▸ **PROMPT**:
Copy nothing but the lines below, from the one with "1. Sunset Aura Nails" through the one with "对1月8日生猪期货正式挂牌交", exactly as written; no pictures should appear.

[[ DATA EXCERPTS, beginning ]]

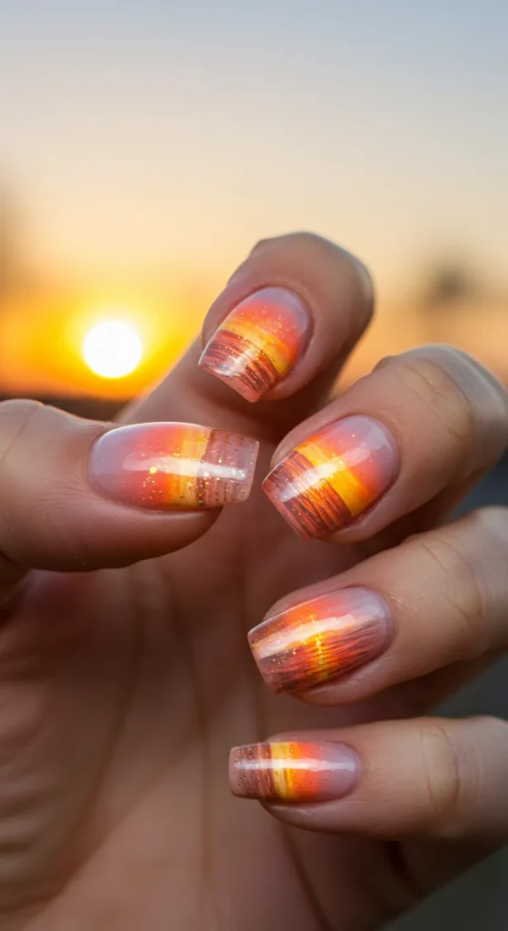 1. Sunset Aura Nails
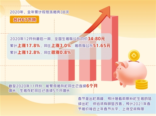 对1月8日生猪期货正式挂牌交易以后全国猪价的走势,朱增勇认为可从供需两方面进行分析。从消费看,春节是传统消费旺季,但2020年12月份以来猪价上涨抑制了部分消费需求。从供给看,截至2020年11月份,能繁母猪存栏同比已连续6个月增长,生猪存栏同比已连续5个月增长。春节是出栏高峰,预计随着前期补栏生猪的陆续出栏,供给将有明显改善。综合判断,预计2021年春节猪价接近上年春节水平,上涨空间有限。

[[ DATA EXCERPTS, end ]]
[[ DATA EXCERPTS, beginning ]]

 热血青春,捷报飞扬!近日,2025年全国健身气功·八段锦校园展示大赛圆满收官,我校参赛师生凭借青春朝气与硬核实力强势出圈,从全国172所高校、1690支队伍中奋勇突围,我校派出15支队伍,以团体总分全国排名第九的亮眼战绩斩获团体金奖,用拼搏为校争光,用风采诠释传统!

[[ DATA EXCERPTS, end ]]

▸ **RESPONSE FOR THIS EXERCISE**:
 1. Sunset Aura Nails
 对1月8日生猪期货正式挂牌交易以后全国猪价的走势,朱增勇认为可从供需两方面进行分析。从消费看,春节是传统消费旺季,但2020年12月份以来猪价上涨抑制了部分消费需求。从供给看,截至2020年11月份,能繁母猪存栏同比已连续6个月增长,生猪存栏同比已连续5个月增长。春节是出栏高峰,预计随着前期补栏生猪的陆续出栏,供给将有明显改善。综合判断,预计2021年春节猪价接近上年春节水平,上涨空间有限。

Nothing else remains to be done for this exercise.